In many cases, you may want to consider appointing co-trustees. A Trustee is required to abide by the terms of a trust. If that Trustee fails to do so, a beneficiary of the trust is not without recourse. One of the benefits of naming co-trustees is that they tend to hold one another accountable. In addition, most trusts will provide a way for the beneficiaries to remove a Trustee, and replace them with the next successor trustee on the list.
It is wise to name not only your immediate successor, but subsequent successor Trustees as well. An individual Trustee may refuse to accept the position, or may resign from the position due to any number of reasons. The Trustee may become disabled or die. Many clients want family members or close friends to act as successor Trustees. But since all individuals eventually pass away, it is good practice to name a bank trust department or other corporate trustee as the final successor trustee on the list. Some clients with very high net worth, or very complex assets, may name an institutional trustee from the very beginning – either as a co-trustee with a trusted family member, or serving as the sole trustee.
One of the advantages of naming a corporate fiduciary is that they manage trusts professionally every day, and usually know what they are doing. They act very objectively to follow the instructions set forth in the trust document. They have investment experience and record-keeping skills. They know the law, and follow the prudent investor rule. If they make a mistake, they have errors and omissions insurance, so the trust beneficiaries have a source to recover any potential damages.
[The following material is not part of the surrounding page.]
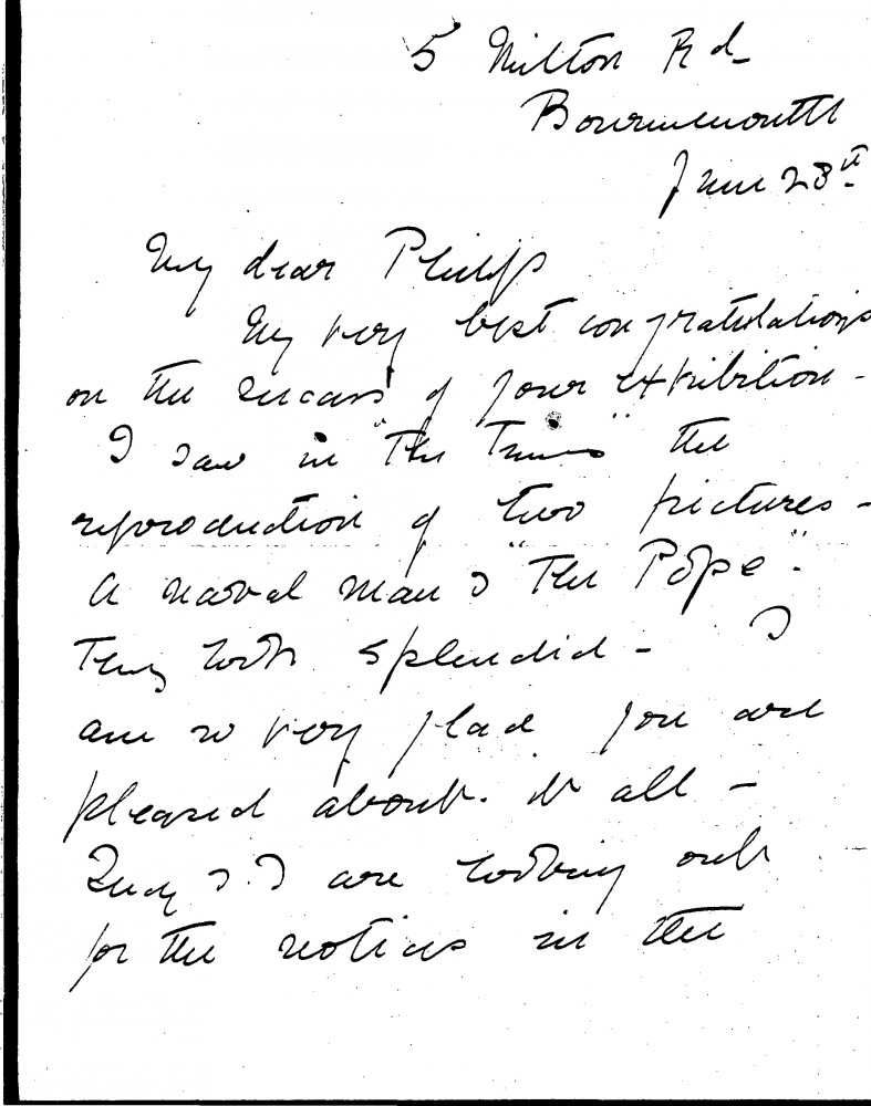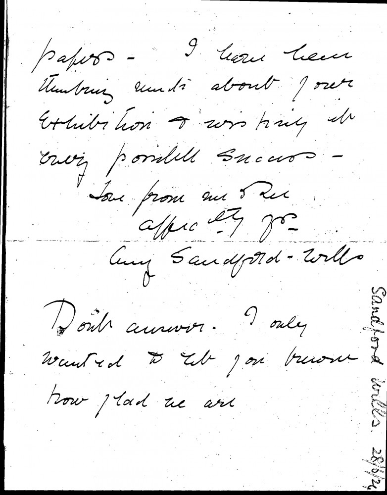 Letter from Mrs Amy Wills-Sandford-Wills congratulating de László on his exhibition at the French Gallery. She saw the reproductions of [5990] and [6690] in The Times

The primary disadvantages of a corporate trustee, however, are cost and the fact that they may not have a personal relationship with the beneficiaries. A family member acting as trustee may better understand the family dynamic, and make better discretionary decisions when it comes to your loved ones.
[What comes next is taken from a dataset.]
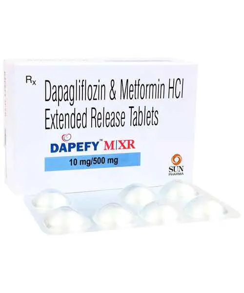 Dapefy M XR 10mg/500mg Tablet is an extended-release combination medication designed to support effective management of type two diabetes. By combining two active agents, it helps regulate blood sugar levels, improve insulin sensitivity, and reduce glucose production in the liver. The extended-release formulation allows gradual absorption of the active ingredients, maintaining stable blood sugar throughout the day and minimizing fluctuations. This tablet is intended for adults diagnosed with type two diabetes and should be used alongside lifestyle interventions such as a balanced diet, regular exercise, and proper weight management. Dapefy M XR promotes overall metabolic health, enhances energy, and reduces the risk of long-term complications such as nerve damage, kidney disorders, and cardiovascular issues. Regular monitoring ensures safe and effective blood sugar control while minimizing potential side effects.
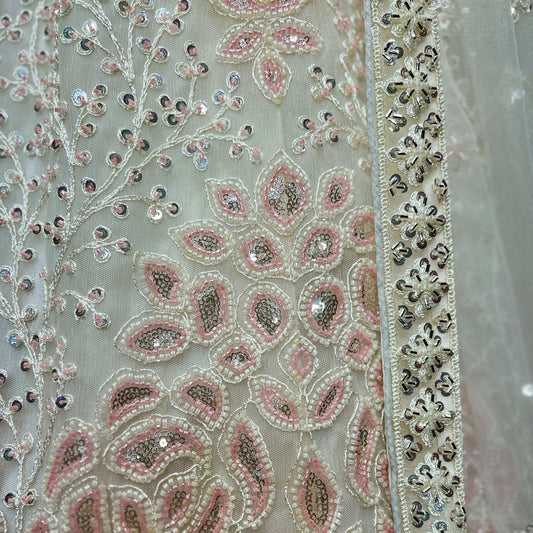 Jazzagals - Delicate Pearl Cutdana Handwork Couture Lehenga SeaShell White

On the other hand, although family members will usually serve for little or no compensation, they may not be the best choice for a Trustee. While the trust may allow for some discretion, some family members are prone to make decisions on an emotional basis. Most times, the family member is not an experienced Trustee and does not know what is required of him or her under the law. If they make mistakes, they may face the wrath (and legal action) of the beneficiaries, or the beneficiaries may be unwilling to take action, and your plans and goals for the beneficiaries are not fulfilled. If you do choose a family member as a Trustee, it is best to train them for the responsibility before you die. Perhaps your attorney or advisor provides successor trustee training, or you can spend time educating them now, before they are called upon to act.
Sometimes the best solution is a combination of a professional or corporate Trustee and a family member Trustee working together as co-trustees. The family member brings knowledge of the family situation, and the corporate trustee knows how to invest and maintain records.
Avoiding Family Disputes Over Personal Property
It is quite often the personal property that causes the most heartache and disruption in families after a death. Money doesn’t usually have any sentimental attachment, but personal property can have a perceived value far beyond its actual monetary worth. For example, there may be souvenirs from family vacations, various collectibles, or other items of sentimental value that are impossible to divide or duplicate. It’s helpful to discuss these things ahead of time, so you have a clear understanding of who wants what, and can anticipate and avoid problems after you’re gone.
Generally speaking, personal property is distributed under the laws of the state in which the decedent was a resident on their date of death. Real property (real estate), on the other hand, is subject to the laws of the state in which it is located. If you have significant personal property located outside of your official state of residence, distribution can be confusing. For example, if you own a Steinway piano that is located in your vacation home, the vacation home and the Steinway piano could be treated differently.
Personal property such as jewelry, antiques, artwork, family heirlooms, and household effects can be passed on to your beneficiaries through a specific bequest: “I leave my Ming Vase to my sister Betty.” For most people, it would be overwhelming to try to inventory and choose a beneficiary for every last item you own. Instead, it is common to use a separate “Personal Property Memorandum” that is attached to, and incorporated by reference into your trust.
The memo is generally a handwritten or typed list of your bequests to family or charities, which is signed and dated by you. They could cover each personal item that you own, but typically include only those items of financial value or of strong sentimental value; the types of things that could lead to disagreements among the heirs.
The benefit of a memo is that it can be easily changed if you sell something, give it away during life, or change your mind about who should receive it after you’re gone. You simply throw the old memo away and replace it with a new one. Each personal property memorandum should be dated, and the trust should contain instructions that if more than one memo is discovered after your death, the one with the most recent date is binding.
Of course, you should also provide for personal property that is not specifically listed on the personal property memorandum. Over the years, parents have come up with interesting ways to distribute personal property items that aren’t the subject of specific bequests. They might instruct the executor or trustee to divide Monopoly money among the children, and let them “bid” on the remaining items. Or they might say that each child can choose one object, starting with the oldest and moving to the youngest (or vice versa), until all items are accounted for. Anything that is not selected can be given to Goodwill or the Salvation Army, or be included in an estate sale.
Most trusts will state that the trustee can dispose of personal property equitably to the beneficiaries, and if they can’t agree on the disposition, the trustee can sell the items and split the proceeds of the sale according to the trust distribution plan.
Why Would I Need a Buy-Sell Agreement
Many of our clients are business owners. Although these businesses tend to be successful, we have found that many of the owners do not have clearly defined succession plans. This month, we will look at one of the best ways to outline a succession plan, especially when partners or family members are involved in a business.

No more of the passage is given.